The most far reaching parts of this ongoing work emerged from the cultural phenomenon of Marvel Studios’ Black Panther film in 2018. The collective informed the work of Christopher Priest and Reginald Hudlin between 2001 and 2008 that transformed the world of Wakanda as it appeared on screen. The publication of the book, Cities Imagined, showcased a century of Black excellence in architecture and urban planning, specifically in the revision of Marvel’s Wakanda between 1966 and 2018. Featured in major art exhibits nationwide, including the Afrofuturism exhibit at the National Museum of African-American History and Culture within the Smithsonian Institution, the concept of advanced science in an Afrofuturist nation over centuries transformed the world’s idea of its possible futures. At the heart of this research is the careful study of maroon communities that resisted enslavement and segregation in the modern world – marronage. In the context of global climate change, maroon communities over vital strategies to resist and reverse the evolving policies of extraction and imperialism that have become the heart of a new world order in 2025. This approach is the way to avoid the most dystopic outcomes that Afrofuturism explores.

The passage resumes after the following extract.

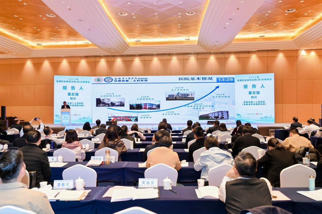 发布时间:2025-12-19 点击:7011月28日-29日,由广东省职业病防治院主办,安徽省第二人民医院(安徽省职业病防治院)和安徽理工大学共同承办的2025年全国职业病防治院(所)长联席会在合肥市召开。国家卫生健康委职业健康司相关处室主要负责同志出席会议并讲话。国家卫生健康委职业安全卫生研究中心主任樊晶光,安徽省卫生健康委党组成员、副主任、省疾病预防控制局党组书记、局长刘志荣,中国疾控中心职业卫生与中毒控制所所长孙新,中国疾控中心辐射防护与核安全医学所副所长拓飞,医院党委书记丁文荣出席会议并致辞。医院党委副书记、院长夏志强作题为“医防融合 协同创新 全面推进新时期省级职业病防治机构高质量发展”主题报告。

One fundamental contribution to this process comes from Tim Fielder. His Afrofuturist works — Matty’s Rocket, Infinitum, and the Graphic History of Hip Hop — offer a range of tools to carry the analysis of the Black Speculative Arts into the next decade. Matty’s Rocket offers a generational reflection on family, discipline, sacrifice, and empowerment that inspires young readers. Infinitum provides a deeper revision of the African continent’s central role in world history, while cautioning readers against sexism and arrogance. The Graphic History of Hip Hop reinvents the idea of the graphic novel by grounding a narrative in non-fiction, but uses scholarly historical resources in ways that are accessible to young adults. Focusing on Hip Hop as a methodology of resistance and revival, Fielder’s graphic history teaches readers new forms of resilience and creativity to foster new ideas about democracy and leadership. In a world defined by digital segregation, these tools provide strategies to overcome adversity in ways we cannot yet imagine.

Walter D. Greason is the Wallace Professor of History at Macalester College in Saint Paul, Minnesota.